2024-01-22 6 min read

On Documentation

On Documentation
Partial assembly instructions for a fancy light switch I designed in 2012. I took its documentation seriously enough to include the red thumbtack for scale, but I’m sure that nobody looked at this drawing after I quit the job six months later.

Here’s a partial list of surprising things about human technology:

  • Throughout history, when someone has learned something that they really wanted to pass on to future generations, more often than not they would write it down on paper – a material that is highly susceptible to damage due to water, fire, and the abrupt grabbing motions that seem to be hard-wired into toddlers everywhere.
  • As tenuous as that sounds, it’s perhaps even more terrifying to imagine how much of human knowledge exists only within the heads of living people – and what would happen if a generation of working-age adults were suddenly wiped out. Even if good documentation existed, could a younger generation keep everything running smoothly without the [rolls eyes] accumulated wisdom of their elders?

I write explanations for a living; at the end of a good week, basically the only thing I can point at to justify myself professionally is a couple thousand words of descriptive prose. Heck, the name of this newsletter – a name which l feel a strong personal attachment to – is a reference to a document which spells out the work that someone has done or is going to do. And yet if you gave my unlocked laptop to a person of reasonably high competence, and asked them to continue my work while I sipped fruit juice on a desert island, it would surely take them weeks to understand how and why the various parts of my work life fit together. Most of my job – the rhythms I work by, the editorial standards I believe in, the psychological tricks I use to inspire myself on a daily basis – is so poorly documented that it might as well not exist at all.

I have not always been this way. Put me in a work environment that has the appearance of high standards but no documentation to refer to, and I’ll spring into action, issuing memos and scrawling “DO NOT ERASE” on communal whiteboards in an attempt to establish and codify something about the work done there. I am a finely tuned sensor for the hypocrisy of others, and the indignation I feel towards someone else’s undocumented project is a powerful motivator.

This sketch decorated the whiteboard behind my desk for months in early 2011; making it was one of the most useful things I did that whole year. It did not prevent the project from leaning towards disaster.

In the absence of indignation, what else might I (should I?) use as motivation to document my work? 

One answer is that I should do it for other people – the people I’m working with now, the people I might work with in the future, the people who’ll have to pick up from me once I’m gone. Documentation aids collaboration, the theory goes, and to the extent that the mark I make on the world is positive, any documentation I leave behind will make it easier to be maintained and built upon. Perhaps I should document my work so that others can understand it – the problems it attempts to solve, the strategy behind my approach, the logic I followed to reach a solution. 
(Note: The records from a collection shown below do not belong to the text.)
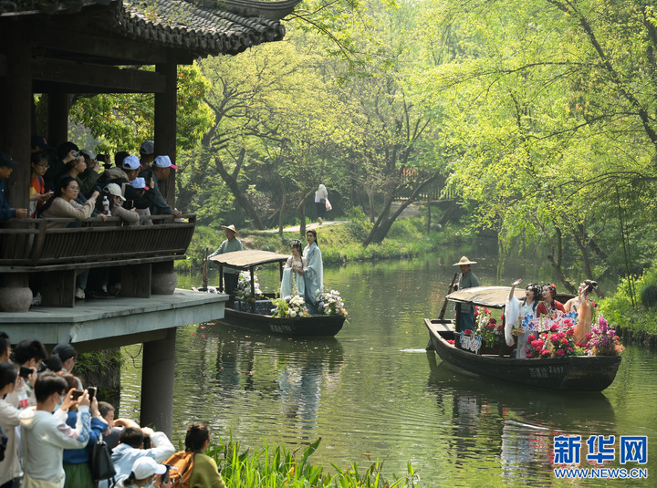 游客在杭州西溪湿地观看宋韵花朝节游船巡游(2023年4月2日摄)。新华社记者 翁忻旸 摄
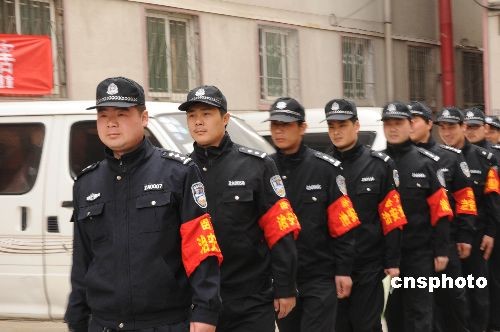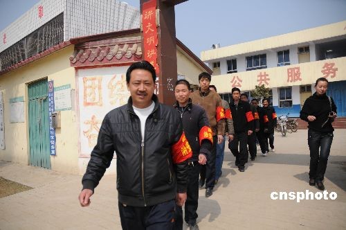 3月25日,两支主要由返乡农民工和大学生村官组成的治安巡逻队奔赴河南省南阳市卧龙区武候街道的城乡“战场”。去年以来,武候街道共吸纳150名返乡农民工和大学生村官,组成城乡治安巡逻队,对城市社区和农村乡镇实行24小时不间断治安巡逻。巡逻队员每人每月可获得300元的岗位补助,而且,周六、周日和节假日还可享用二至三倍的加班费。 中新社发 付海厚 摄
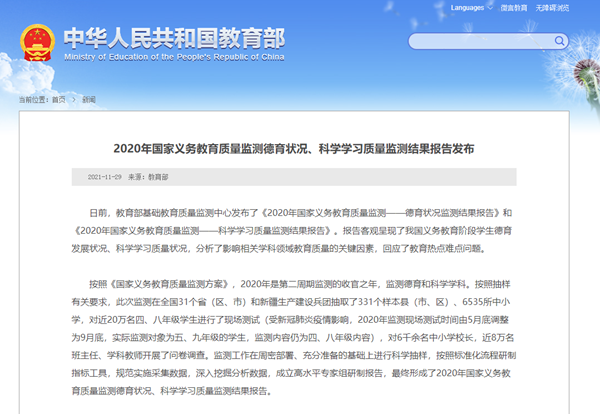 日前,教育部基礎教育質(zhì)量監(jiān)測中心發(fā)布了《2020年國家義務教育質(zhì)量監(jiān)測——德育狀況監(jiān)測結(jié)果報告》和《2020年國家義務教育質(zhì)量監(jiān)測——科學學習質(zhì)量監(jiān)測結(jié)果報告》。
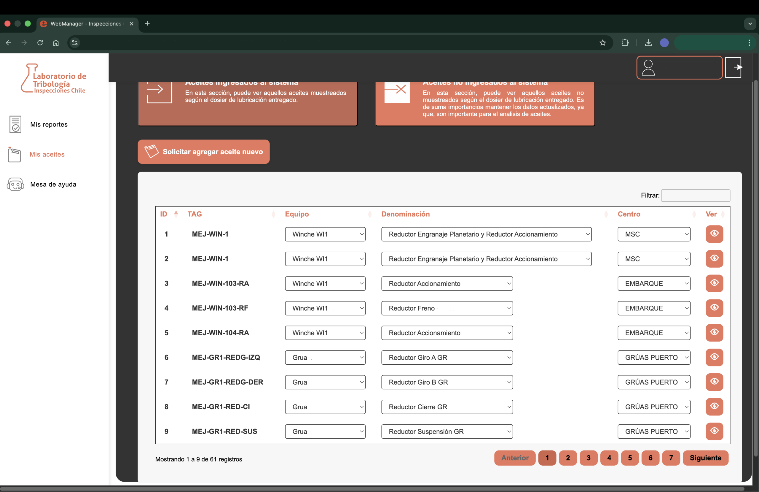 En esta sección puede agregar y ver todos los aceites que tiene en sus equipos asignados a la carta de lubricación entregada.
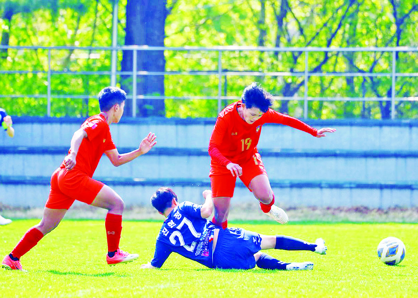 မြန်မာအမျိုးသမီးအသင်းသည် ဦးဆောင်ဂိုး သွင်းယူနိုင်သော်လည်း ဂိုးပြန်ပေးခဲ့ရသဖြင့် တစ်ဂိုးစီသရေရလဒ်ဖြင့် ပြီးဆုံးခဲ့သည်။ မြန်မာအမျိုးသမီးအသင်းသည် ဧပြီ ၂၉ ရက်က တောင်ကိုရီးယား ယူ-၂၀ အသင်းနှင့် ခြေစမ်းကစားခဲ့သည့် ပွဲထွက်လူစာရင်းကို အပြောင်းအလဲများ ပြုလုပ်ခဲ့ပြီး စီနီယာကစားသမားများကို လူငယ်ကစားသမားများဖြင့် ပေါင်းစပ်ကာ ဇူးလတ်နဒီ (ဂိုး)၊ ခင်သန်းဝေ၊ ဇွန်ယုယဦး၊ အေးအေးမိုး၊ ခိုင်သဇင်၊ ခင်မိုမိုထွန်း၊ နော်ထက်ထက်ဝေ၊ ခင်မာလာထွန်း၊ စန်းသော်သော်၊ လင်းမြင့်မိုရ်၊ ဂျူလိုင်ကျော်တို့ဖြင့် ပွဲထွက်ခဲ့သည်။

In Managing the Flow of Technology, a book devoted to understanding corporate research and development lifecycles, Thomas J. Allen describes how information can become locked up inside physical artifacts. “Technology consumes information, transforms it, and produces a product in a form that can still be regarded as information bearing…[but] the physically encoded format of the output makes it very difficult to retrieve the information necessary for further developments.” I read this passage and I look up at my surroundings, at the house on which I’ve spent so much time working over the past seven years. A few months ago, I cut a hole through a wall to let speaker wires pass through. When the project was done, I felt a distinct feeling of progress. But looking back, does it constitute physically encoded information? Would it be difficult for someone else to retrieve that information in the future? If so, do I care? 

The reality is that I mostly don’t; the needs of this hypothetical successor are too abstract. And so I justify my documentation on more selfish terms. 

I document my work for the sensation of writing about it in the past tense. It gives a sense of completion, or at the very least of a transition, like the moment at which you give the final nudge to a child riding a bicycle for the first time. I document my work to give it significance, to retroactively denote a series of thoughts and motions as a project which I did. I document my work to convince myself that I should be proud of it, and to establish a framework in which I can understand it in the future, and to have something to point to when the work itself has been buried in time.